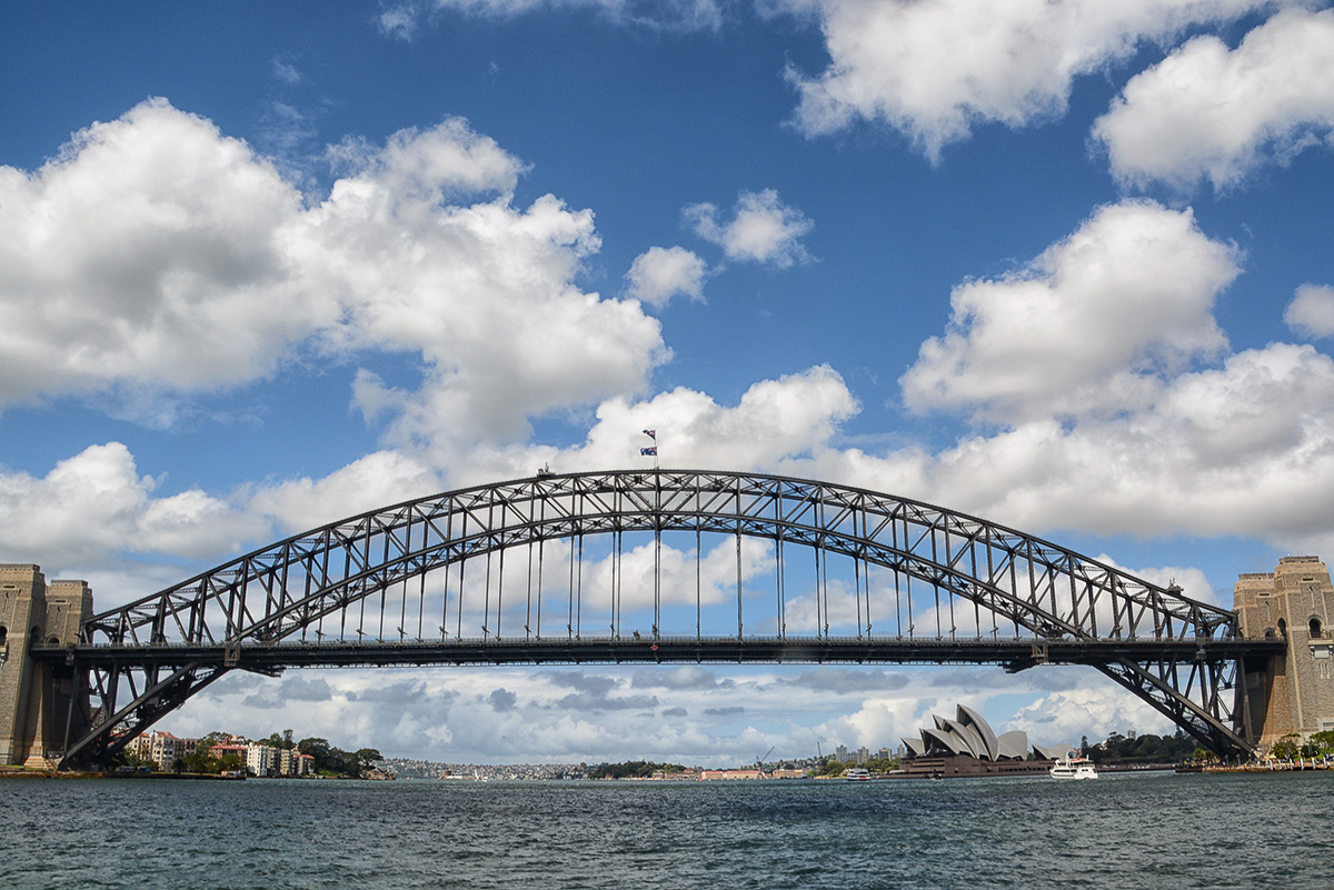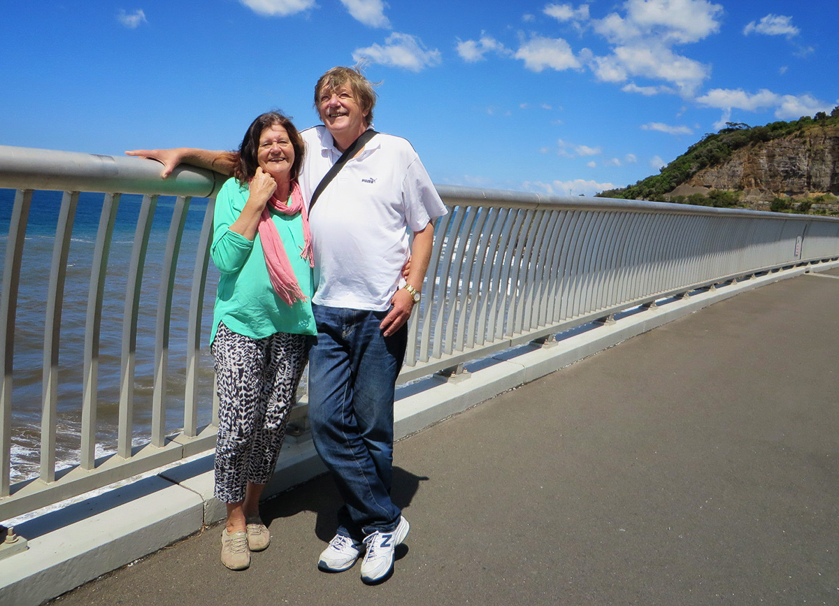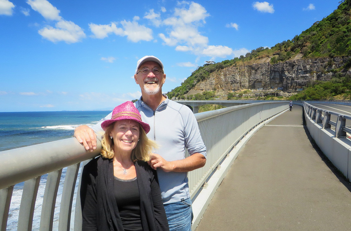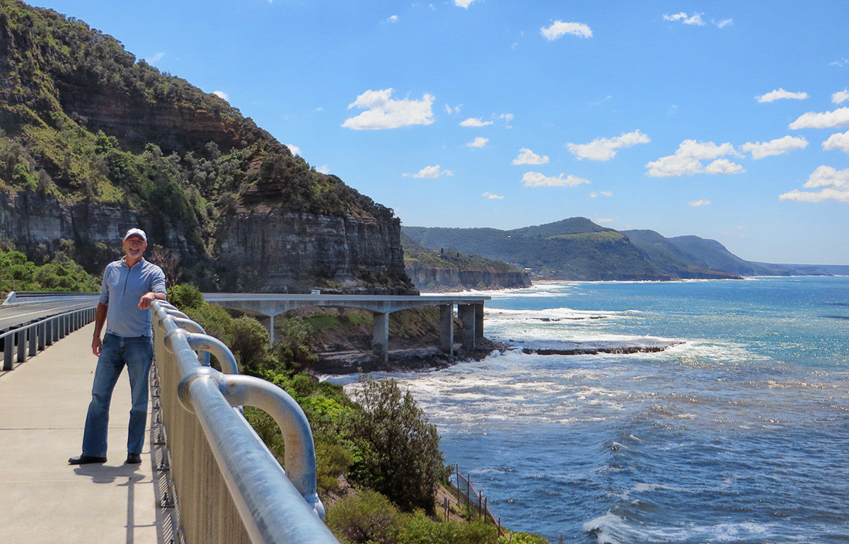 On Wednesday morning (having lost a day) we arrived in Sydney and our friend Ted Cully met us at the airport. Ted, and friend Jean were wonderful hosts and tour guides while we spent the next few days sightseeing around Sydney. We visited Sydney’s heritage listed Royal National Park, established in 1879, the world’s second-oldest national park, called ‘the Royal’ by the locals. Beautiful views of the coast with many hiking trails that we would love to explore, but it was on toward the spectacular Sea Cliff Bridge. This $52 million bridge opened in Dec 2005, is a balanced cantilever bridge, and is one of only seven off-shore parallel to coast bridges in the world. It is 1,495 feet in length, 135 feet at is highest point, and links the coastal villages of Coalcliff and Clifton.
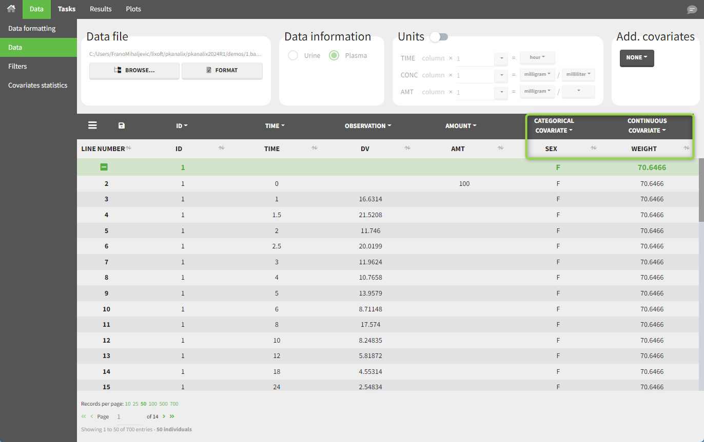In this dataset, “SEX” is tagged as CATEGORICAL COVARIATE and “WEIGHT” as CONTINUOUS COVARIATE.
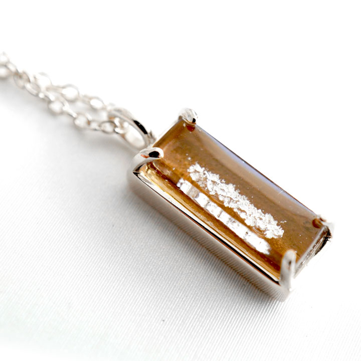 透明感がとてもきれいな、これまでに無かったデザインの遺骨ジュエリーです。
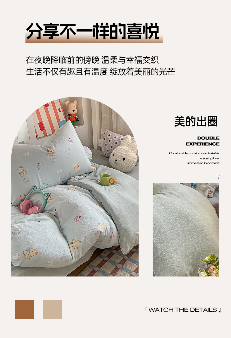 当前位置: 91家纺网 > 商品网购 > 床品套件 > 四件套 > 其它四件套 > 佳鸿家纺 2025新款卡通云感双层纱宿舍床单三件套居家四件套床单被套床笠款(提供买家秀) 小熊甜点乐园
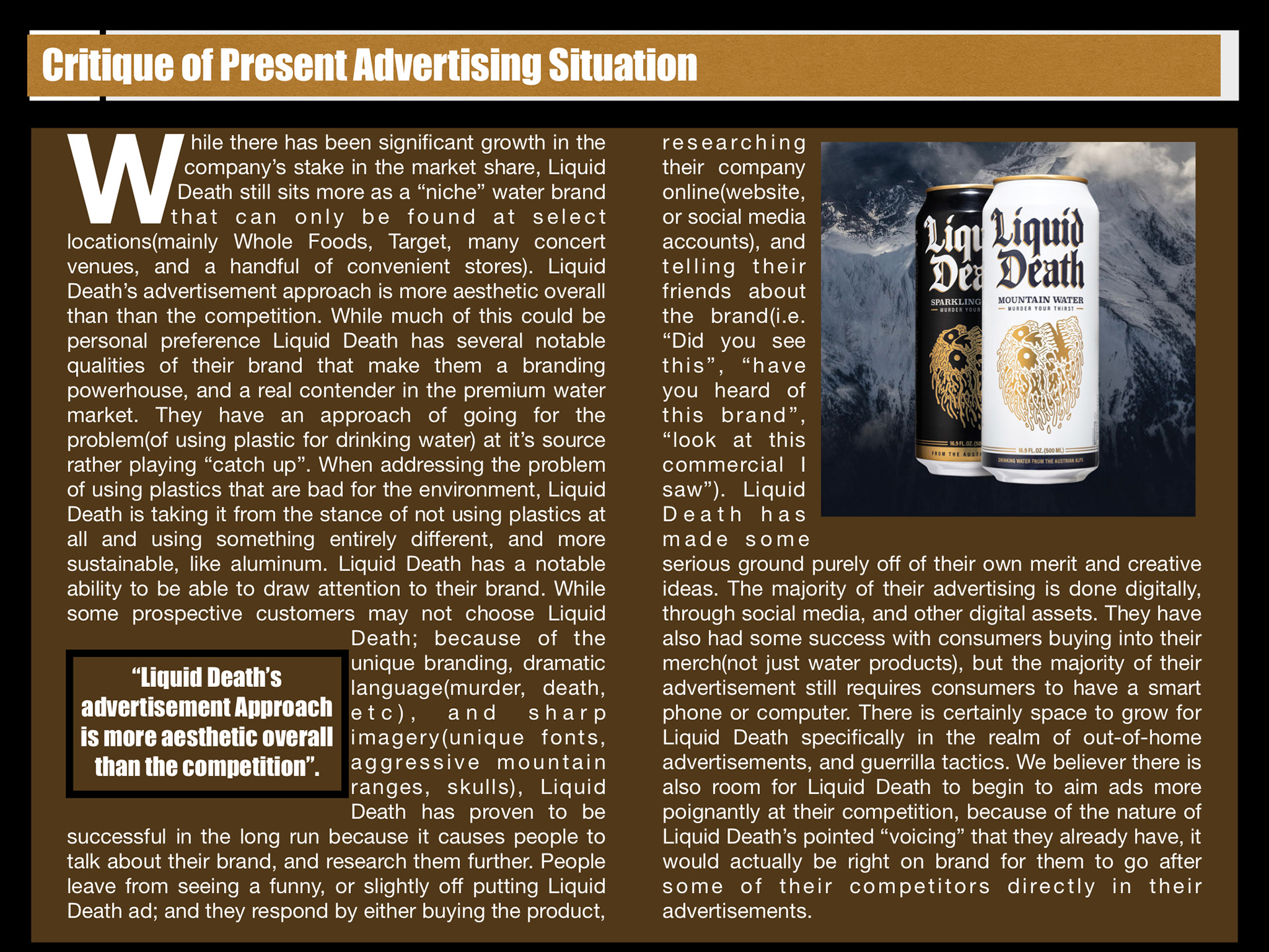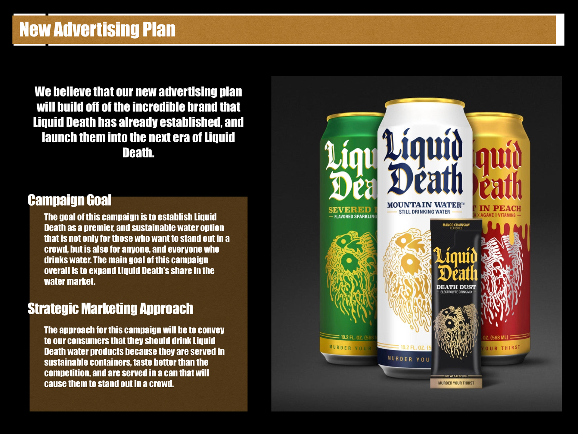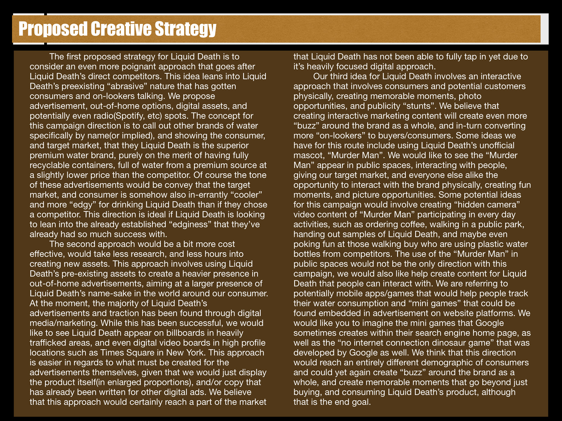 An unofficial/hypothetical creative strategy, advertising plan, and creative components for Liquid Death.

::::

### Your objective
Reproduce every record above word for word. Leave the pictures out.

### Answer to this task
 On Wednesday morning (having lost a day) we arrived in Sydney and our friend Ted Cully met us at the airport. Ted, and friend Jean were wonderful hosts and tour guides while we spent the next few days sightseeing around Sydney. We visited Sydney’s heritage listed Royal National Park, established in 1879, the world’s second-oldest national park, called ‘the Royal’ by the locals. Beautiful views of the coast with many hiking trails that we would love to explore, but it was on toward the spectacular Sea Cliff Bridge. This $52 million bridge opened in Dec 2005, is a balanced cantilever bridge, and is one of only seven off-shore parallel to coast bridges in the world. It is 1,495 feet in length, 135 feet at is highest point, and links the coastal villages of Coalcliff and Clifton.
In this dataset, “SEX” is tagged as CATEGORICAL COVARIATE and “WEIGHT” as CONTINUOUS COVARIATE.
 透明感がとてもきれいな、これまでに無かったデザインの遺骨ジュエリーです。
 当前位置: 91家纺网 > 商品网购 > 床品套件 > 四件套 > 其它四件套 > 佳鸿家纺 2025新款卡通云感双层纱宿舍床单三件套居家四件套床单被套床笠款(提供买家秀) 小熊甜点乐园
 An unofficial/hypothetical creative strategy, advertising plan, and creative components for Liquid Death.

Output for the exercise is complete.